Apple Internal Keyboard / Trackpad:

  Product ID:	0x0231
  Vendor ID:	0x05ac  (Apple Inc.)
  Version:	0,70
  Speed:	Up to 12 Mb/sec
  Manufacturer:	Apple, Inc.
  Location ID:	0x5d200000 / 3
  Current Available (mA):	500
  Current Required (mA):	40

Product ID is the useful bit – 0x0231 = 561 in decimal.
So, we need to lookup 561 in the kext (driver) for the keyboard.

In Lion / Snow Leopard, this is in the AppleUSBTopCase.kext over in System / Library / Extensions.

If you open up that kext, it has the plist for the keyboard layouts over here –

AppleUSBTopCase.kext » Contents » PlugIns » AppleUSBTCKeyEventDriver.kext » Contents » Info.plist

Open up the Info.plist, and look for the Product ID that matches your Product ID – in my case 560.

The key FnFunctionUsageMap contains the mapping for the keyboard. In my case I had to change it to this:

FnFunctionUsageMap
0x0007003a,0x00ff0005,0x0007003b,0x00ff0004,0x0007003c,0x000c00e2,0x0007003d,0x000c00ea,0x0007003e,0x000c00e9,0x0007003f,0x00070083,0x00070040,0x00ff0006,0x00070041,0x00ff0007,0x00070042,0x00ff0009,0x00070043,0x00ff0008

Each value is a pair – first the key number, then the value to set it to.
0x0007003a = F1
0x0007003b = F2

My above settings are for
F1 = brightness down
F2 = brightness up
F3 = mute
F4 = volume down
F5 = volume up
F6 = num lock
F7 = Expose
F8 = Keyboard Light off
F9 = Keyboard Light down
F10 = Keyboard Light Up
F11 = n/a
F12 = n/a

I got these values from here –

// usage IDs from the hid
#define FF_BRIGHTNESS_DOWN_ID_LAPTOP @”0x00ff0005″ // for laptops
#define FF_BRIGHTNESS_UP_ID_LAPTOP @”0x00ff0004″ // for laptops
#define FF_BRIGHTNESS_DOWN_ID_EXTERNAL @”0xff010021″ // for external keyboards
#define FF_BRIGHTNESS_UP_ID_EXTERNAL @”0xff010020″ // for external keyboards
#define FF_EXPOSE_ID @”0xff010010″
#define FF_DASHBOARD_ID @”0xff010002″
#define FF_ILLUMINATION_TOGGLE_ID @”0x00ff0007″
#define FF_ILLUMINATION_DOWN_ID @”0x00ff0009″
#define FF_ILLUMINATION_UP_ID @”0x00ff0008″
#define FF_VIDEO_MIRROR_ID @”0x00ff0006″
#define FF_REWIND_ID @”0x000C00B4″
#define FF_PLAYPAUSE_ID @”0x000C00CD”
#define FF_FASTFORWARD_ID @”0x000C00B3″
#define FF_MUTE_ID @”0x000C00E2″
#define FF_VOLUME_DOWN_ID @”0x000C00EA”
#define FF_VOLUME_UP_ID @”0x000C00E9″

Once I’d done that, I also needed to rebuild (or in my case build), the Kext cache so that the OS would use it on next reboot.
Heres how to do that in Lion

sudo kextcache -v 1 -a i386 -a x86_64 -m /System/Library/Caches/com.apple.kext.caches/Startup/Extensions.mkext /System/Library/Extensions

…oh, and lastly, reboot of course!

Post reboot my function keys were working normally.
The caps lock key is still non-functional, but I’m ok with that, as its means a bit more work for little effort.

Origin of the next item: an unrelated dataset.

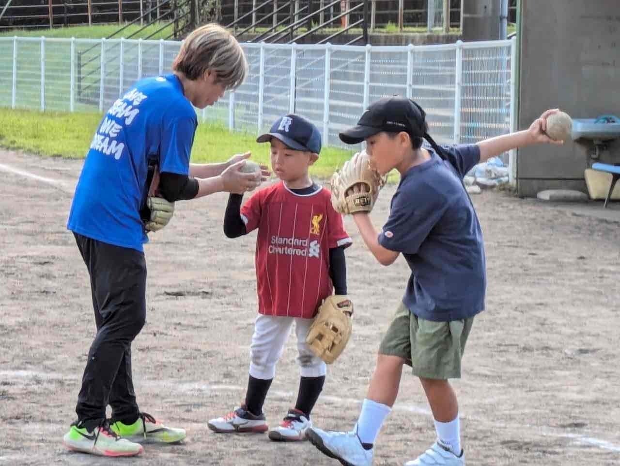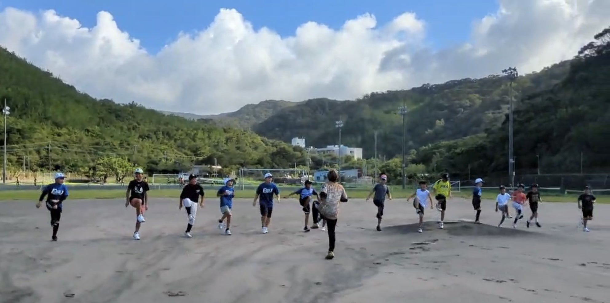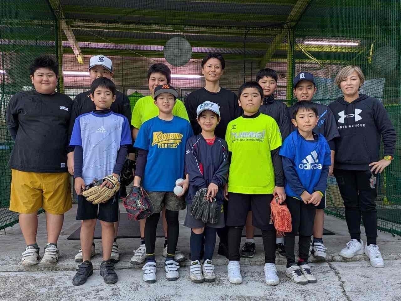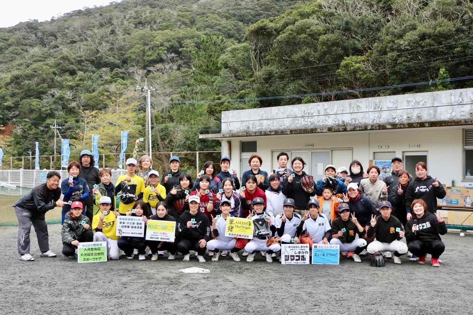 世界で活躍する女子野球日本代表の里綾実選手(奄美大島出身)と奄美の子どもたち

I may look into setting up a special plist to override the usb_id its getting from the hardware via the method here –http://www.projectosx.com/forum/index.php?showtopic=798

..but again, time vs effort…

Still, my Macbook is working now more or less, so its good enough for me 🙂

Of course, subsequently to doing this the hard way, I found a program to do it all for me!

http://pqrs.org/macosx/keyremap4macbook/

Suggest unless you are a masochist, use that!